- Original British quad poster
- Directed by: Franklin Gollings
- Written by: Franklin Gollings
- Produced by: Franklin Gollings Harry Field
- Starring: Bette Davis Michael Redgrave Alexis Kanner Kay Walsh Olga Georges-Picot
- Cinematography: John Wilcox
- Edited by: Jack Slade
- Music by: John Shakespeare
- Production company: Hemdale
- Distributed by: Paramount Pictures
- Release dates: May 1970 (US); May 9, 1971 (UK:Reading); April 27, 1972 (UK: London);
- Running time: 103 minutes
- Country: United Kingdom
- Language: English

= Connecting Rooms =

1970 British film by Franklin Gollings

Connecting Rooms is a 1970 British drama film directed, written and produced by Franklin Gollings and starring Bette Davis, Michael Redgrave and Leo Genn. The screenplay was based on the play The Cellist by Marion Hart.

==Plot==
The plot explores the relationships shared by the residents of a seedy boarding house owned by dour Mrs. Brent. Among them are busker Wanda Fleming, who is flattered by the attention paid her by rebellious pop songwriter wannabe Mickey Hollister, and former schoolmaster James Wallraven, who has been accused of pedophilia and reduced to working as a janitor in an art gallery.

==Cast==
- Bette Davis as Wanda Fleming
- Michael Redgrave as James Wallraven
- Alexis Kanner as Mickey Hollister
- Kay Walsh as Mrs. Brent
- Leo Genn as Dr. Norman
- Olga Georges-Picot as Claudia Fouchet
- Richard Wyler as Dick Grayson
- Mark Jones as Johnny
- Gabrielle Drake as Jean
- Brian Wilde as Ellerman
- John Woodnutt as doctor

==Production==
The Paramount Pictures release was filmed on location in Bayswater in 1969. It was given a limited release in the United States in 1970, then had some regional UK showings in 1971 but only appeared in London in 1972.

Scenes in which Wanda Fleming played the cello featured close-ups of the hands of British classical cellist Amaryllis Fleming.

In a scene set in the West End theatre district, a theatre marquee lists "Margo Channing" as one of the cast of the play it is housing.

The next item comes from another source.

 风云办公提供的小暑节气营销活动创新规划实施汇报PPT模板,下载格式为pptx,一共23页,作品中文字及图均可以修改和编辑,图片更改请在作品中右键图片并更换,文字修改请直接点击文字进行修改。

This was the name of the character Bette Davis portrayed in All About Eve.

==Critical reception==
David Mcgillivray wrote in The Monthly Film Bulletin: "Another doomed attempt to locate an old-fashioned, melodramatic romance in a contrived, contemporary setting. Franklin Gollings' script (based on an unpublished play) begins by dropping conspicuous clues as to the nature of the guilty secrets that are to draw the lonely tenants together. "People are very kind", remarks the cellist a propos the 'concert' she has just given; while the mere mention of teachers favouring one pupil more than the rest is enough to send the schoolmaster's teacup flying as he backs defensively into the sanctity of his bedsitter. ... And so the patchwork progresses, with Miss Davis and Alexis Kanner struggling sedulously to cap each other's mannerisms, until the inevitable ending sends the stars wandering arm in arm into the future."

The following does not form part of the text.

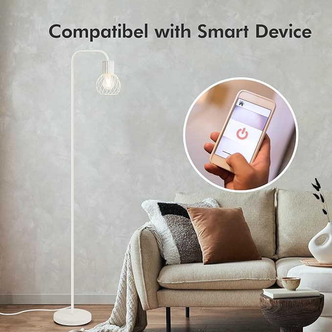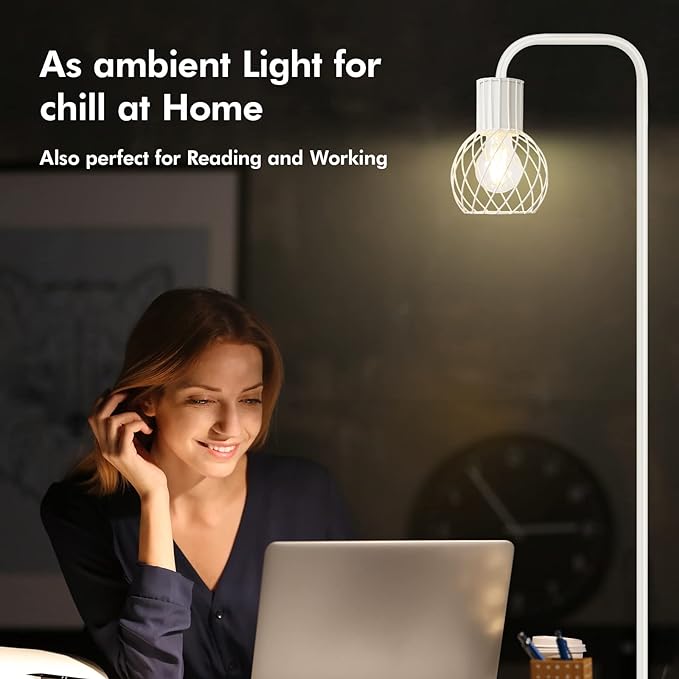 Industrial Floor Lamp, White Standing Lamp Modern with 6W LED Bulb, Foot Switch, Metal Tall Floor Lamps for Living Room, Bedroom, Office, Den, Vintage Stand Up Light, Minimalist Mid Century Pole Lamp

Kine Weekly wrote: "The fact that the plot is novelettish is not necessarily a vice in a film. The four main characters are all firmly, if conventionally, drawn and their interaction makes for reasonable drama, though seasoned cinemagoers are likely to guess the faintly happy ending. The direction is leisurely, but some of the cutting seems too sharp. Bette Davis plays the part of Wanda, who is a lot older than she appears, in that unmistakable, forceful Bette Davis style. Michael Redgrave, who does, of course, know how schoolmasters act and react, is pathetically and sympathetically dispirited as Wallraven; and Alexis Kanner is suitably bright and nasty as Mickey. A clever cameo of the nosey, sex-starved landlady is given by Kay Walsh."

Time Out London wrote "Riddled with act and scene pauses ... it's a fairly classic condensation of several fetishistic concerns endemic to British cinema."

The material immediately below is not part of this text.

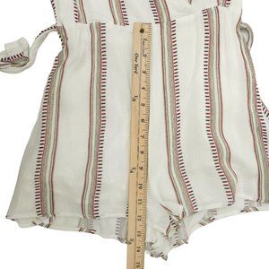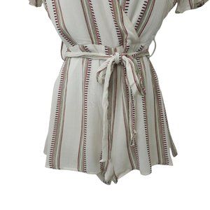 Sadie And Sage Striped Romper Size S Tie Belt Back Zip Lined Deep V Neck

In The Radio Times Guide to Films Adrian Turner gave the film 2/5 stars, calling the film a "slightly bonkers drama" and adding: "It's all very 1930s except for the Swinging London appendages of pop stars and an air of kookiness."

Leslie Halliwell wrote "Aggressively dismal melodrama which would be hilarious if it were not so sadly slow and naive."

TV Guide called the film a "dull, sappy melodrama."